■ What the task asks
Below are entries with pictures among them; reproduce exactly, and only, the lines from the one containing "NSND Quốc Hưng" down to the one containing "Per a aquesta", without the pictures.
(Beginning of The input)
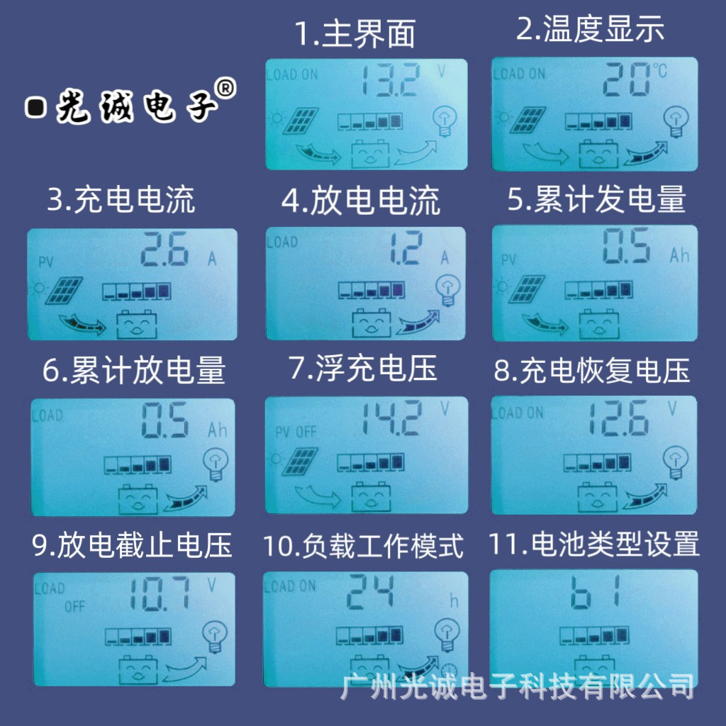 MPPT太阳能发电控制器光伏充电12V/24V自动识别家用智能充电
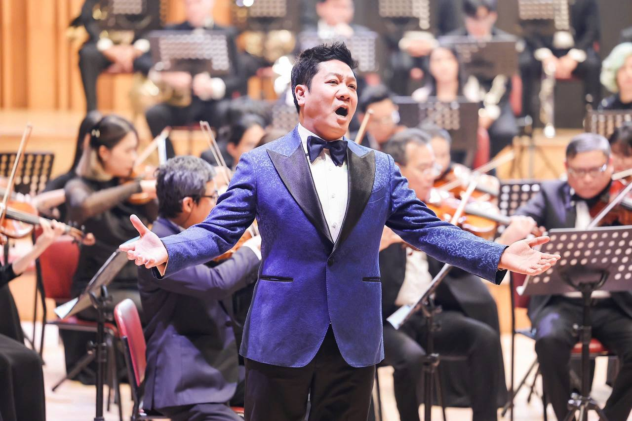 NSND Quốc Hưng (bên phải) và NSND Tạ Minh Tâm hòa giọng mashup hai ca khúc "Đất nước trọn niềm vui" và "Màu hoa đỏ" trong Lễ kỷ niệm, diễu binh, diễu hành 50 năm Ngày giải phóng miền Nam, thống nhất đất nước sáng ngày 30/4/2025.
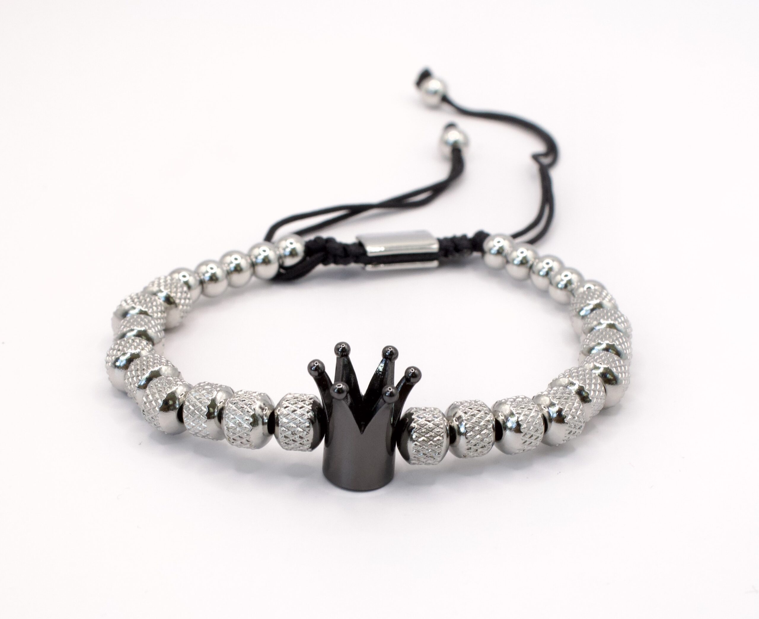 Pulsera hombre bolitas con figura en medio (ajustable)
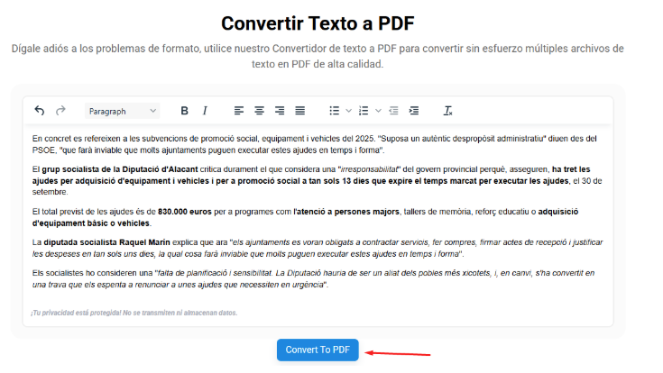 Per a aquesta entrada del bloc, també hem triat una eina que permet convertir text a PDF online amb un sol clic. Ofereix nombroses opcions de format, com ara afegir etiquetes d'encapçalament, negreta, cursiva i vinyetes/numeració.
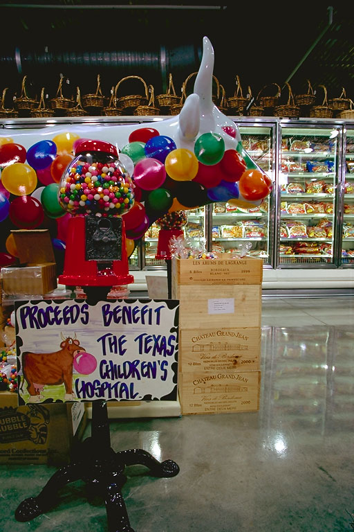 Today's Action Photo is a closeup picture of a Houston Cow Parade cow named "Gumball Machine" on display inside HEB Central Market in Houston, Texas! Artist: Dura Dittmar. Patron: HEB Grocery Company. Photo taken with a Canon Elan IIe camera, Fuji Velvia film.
(End of The input)
■ Exercise response
 NSND Quốc Hưng (bên phải) và NSND Tạ Minh Tâm hòa giọng mashup hai ca khúc "Đất nước trọn niềm vui" và "Màu hoa đỏ" trong Lễ kỷ niệm, diễu binh, diễu hành 50 năm Ngày giải phóng miền Nam, thống nhất đất nước sáng ngày 30/4/2025.
 Pulsera hombre bolitas con figura en medio (ajustable)
 Per a aquesta entrada del bloc, també hem triat una eina que permet convertir text a PDF online amb un sol clic. Ofereix nombroses opcions de format, com ara afegir etiquetes d'encapçalament, negreta, cursiva i vinyetes/numeració.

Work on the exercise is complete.